Each record that follows should be repeated exactly, minus any images.

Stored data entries
[Start of Attachment]

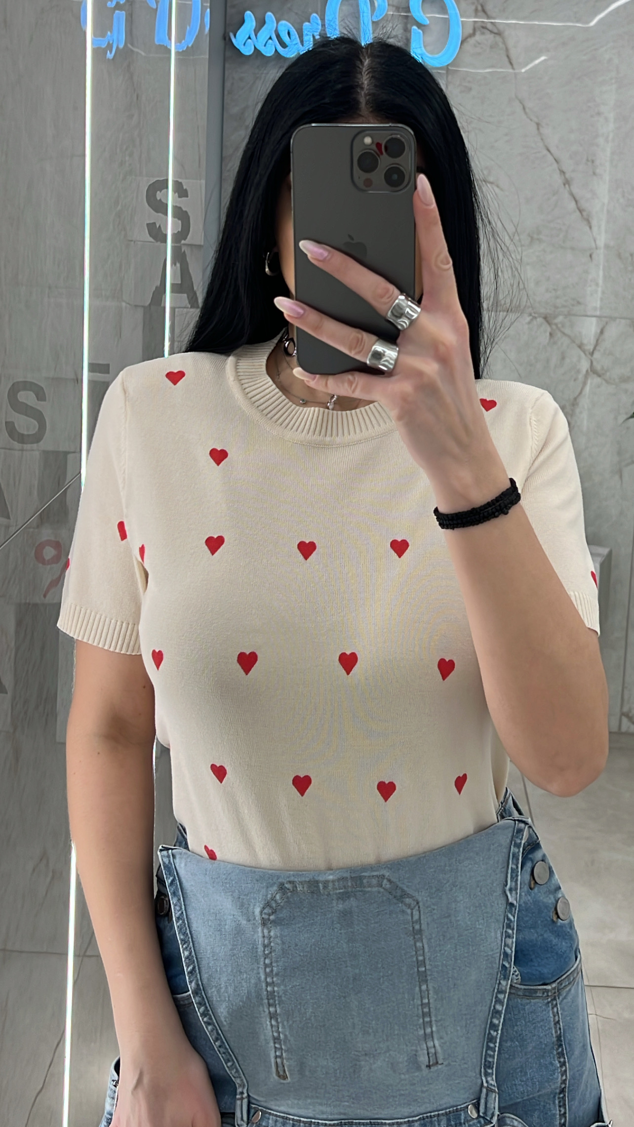 Μπλούζα πλεκτή κοντομάνικι με σχέδιο καρδιές .
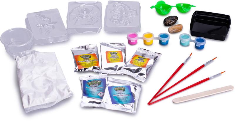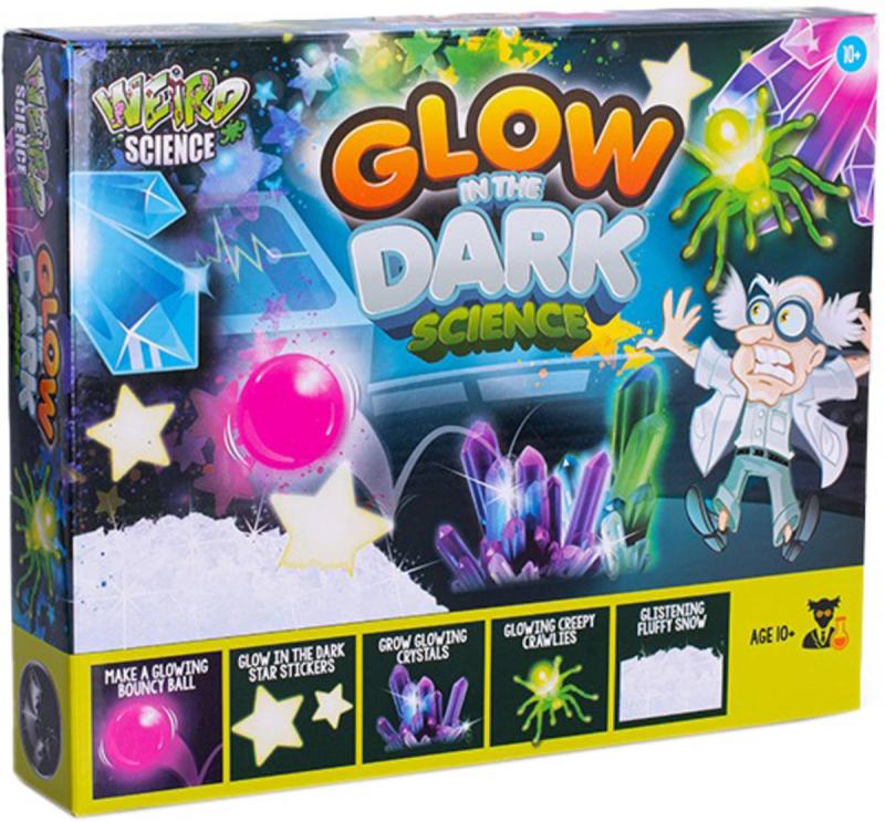 Jak udělat něco, co svítí ve tmě? Dokážete si vypěstovat vlastní krystaly? Pomocí této sady a jejích pokusů se dozvíš o tajemstvích věcí, které v noci svítí! Vyrobte si vlastní nadýchaný sníh a strašidelné potvůrky, kterými můžete vystrašit i své kamarády. Tento balíček a jeho obsah jsou navrženy tak, aby vaše dítě uvedly do světa podivné vědy a úžasných objevů!
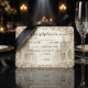 This design features a sophisticated monochromatic palette of soft creams, champagne beige, and warm neutral tones. The background showcases a detailed sketch of cathedral spires and gothic arches, framed by an intricate border of swirling acanthus leaves and roses. The typography blends traditional formal serif fonts with sweeping, elegant calligraphy. This is a flat printed image with a printed faux stone effect; it does not contain actual raised carving or 3D texture.
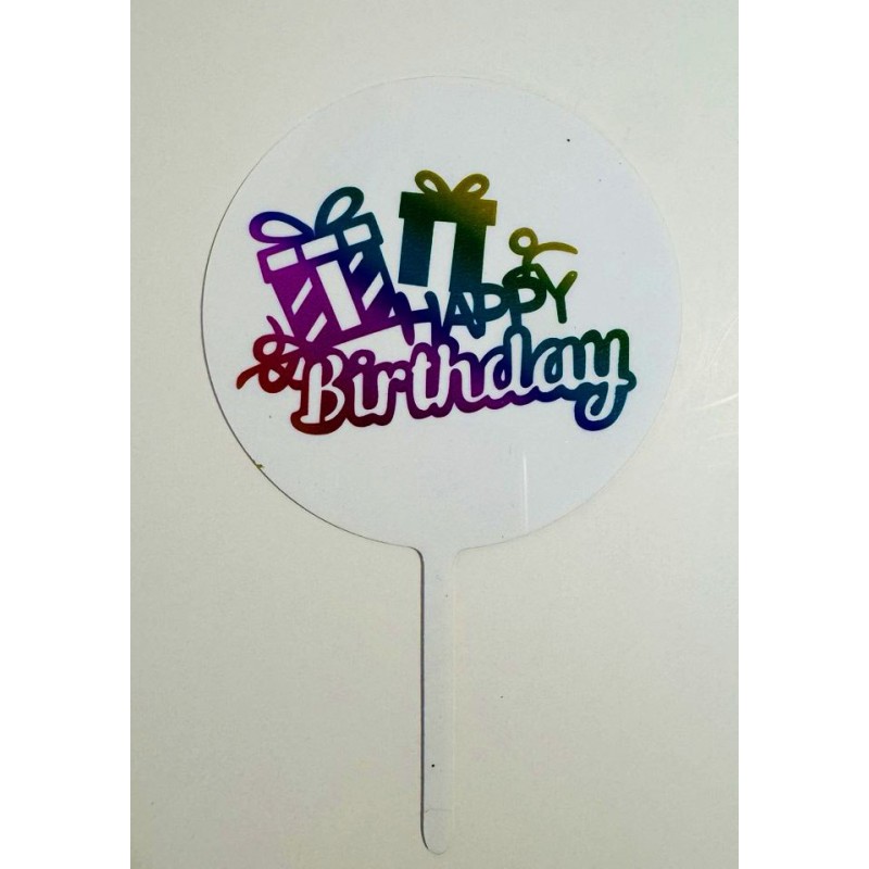 Топпер "Happy birthday” круглий, білий з подарунками, голограма, акриловий пластик. Розмір - 11 х 16 см...
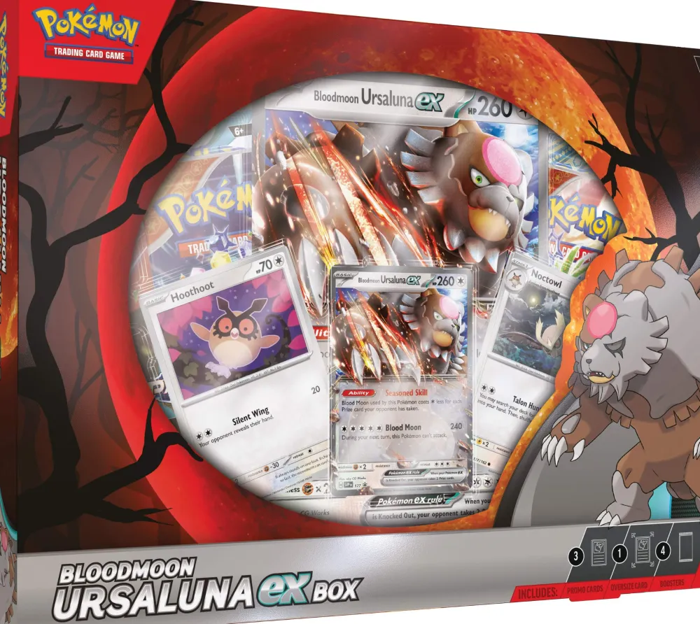 The Pokémon TCG: Bloodmoon Ursaluna ex Box includes:
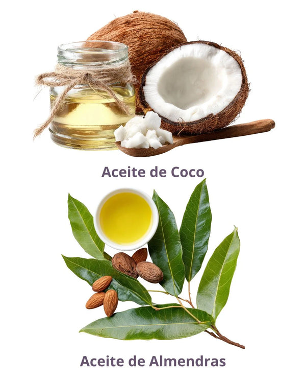 Aceite de coco + aceite de almendras: permite una aplicación suave y constante durante la noche. Flores de lavanda: Calma y la relajación. Aceite de Jazmín: Sensación de bienestar y tranquilidad emocional. Extracto de Chamomilla: relajar y preparar el cuerpo para el descanso.
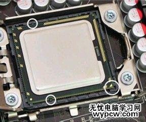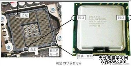 步驟3:仔細觀察CPU正而,會發(fā)現(xiàn)某個角有一個金屬三角形符號,同時在主板插座上有個角呈扃三角形狀(或同樣有個金屬三角形符號k安裝時,將CPU有金屬三角形的那個角對準插座上呈扁三角形的那個角,就能確定CPU安裝方向(這種方法適用于所有品牌和規(guī)格CPU的安裝)。此外,在IntelLGA775、LGA1366,LGA1156架構的CPU上有兩個凹口,而插座上會有兩個凸起,安裝時,將兩個凹口和凸起對準,這樣也可按正確方向安裝CPU,如圖3所示。
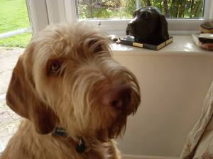 “Upstanding male, who is very hard ignore and presents a beautiful picture when standing. Strongly made dog, with good bone and substance. Masculine but not coarse well furnished head, with well set oval eyes giving a gentle expression. Good length of neck, slightly arched leading into well placed shoulders. Deep chest with elbows tight to body. Straight forelegs and good neat feet. Moderately sprung ribs set well back into a short loin. Superbly muscled hindquarters which he uses to advantage to power around the ring with great drive and ever so sound fore and aft. Added to this an excellent wire coat with first class presentation, I could not deny him BOB & G2. “
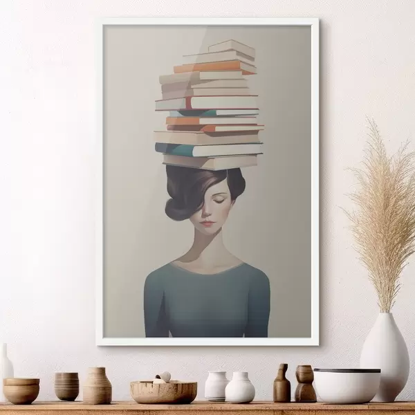 Poster Portrait surréaliste d'une fille avec des livres Nr f47334

[End of Attachment]

RESULT OF THIS EXERCISE:
 Μπλούζα πλεκτή κοντομάνικι με σχέδιο καρδιές .
 Jak udělat něco, co svítí ve tmě? Dokážete si vypěstovat vlastní krystaly? Pomocí této sady a jejích pokusů se dozvíš o tajemstvích věcí, které v noci svítí! Vyrobte si vlastní nadýchaný sníh a strašidelné potvůrky, kterými můžete vystrašit i své kamarády. Tento balíček a jeho obsah jsou navrženy tak, aby vaše dítě uvedly do světa podivné vědy a úžasných objevů!
 This design features a sophisticated monochromatic palette of soft creams, champagne beige, and warm neutral tones. The background showcases a detailed sketch of cathedral spires and gothic arches, framed by an intricate border of swirling acanthus leaves and roses. The typography blends traditional formal serif fonts with sweeping, elegant calligraphy. This is a flat printed image with a printed faux stone effect; it does not contain actual raised carving or 3D texture.
 Топпер "Happy birthday” круглий, білий з подарунками, голограма, акриловий пластик. Розмір - 11 х 16 см...
 The Pokémon TCG: Bloodmoon Ursaluna ex Box includes:
 Aceite de coco + aceite de almendras: permite una aplicación suave y constante durante la noche. Flores de lavanda: Calma y la relajación. Aceite de Jazmín: Sensación de bienestar y tranquilidad emocional. Extracto de Chamomilla: relajar y preparar el cuerpo para el descanso.
 步驟3:仔細觀察CPU正而,會發(fā)現(xiàn)某個角有一個金屬三角形符號,同時在主板插座上有個角呈扃三角形狀(或同樣有個金屬三角形符號k安裝時,將CPU有金屬三角形的那個角對準插座上呈扁三角形的那個角,就能確定CPU安裝方向(這種方法適用于所有品牌和規(guī)格CPU的安裝)。此外,在IntelLGA775、LGA1366,LGA1156架構的CPU上有兩個凹口,而插座上會有兩個凸起,安裝時,將兩個凹口和凸起對準,這樣也可按正確方向安裝CPU,如圖3所示。
 “Upstanding male, who is very hard ignore and presents a beautiful picture when standing. Strongly made dog, with good bone and substance. Masculine but not coarse well furnished head, with well set oval eyes giving a gentle expression. Good length of neck, slightly arched leading into well placed shoulders. Deep chest with elbows tight to body. Straight forelegs and good neat feet. Moderately sprung ribs set well back into a short loin. Superbly muscled hindquarters which he uses to advantage to power around the ring with great drive and ever so sound fore and aft. Added to this an excellent wire coat with first class presentation, I could not deny him BOB & G2. “
 Poster Portrait surréaliste d'une fille avec des livres Nr f47334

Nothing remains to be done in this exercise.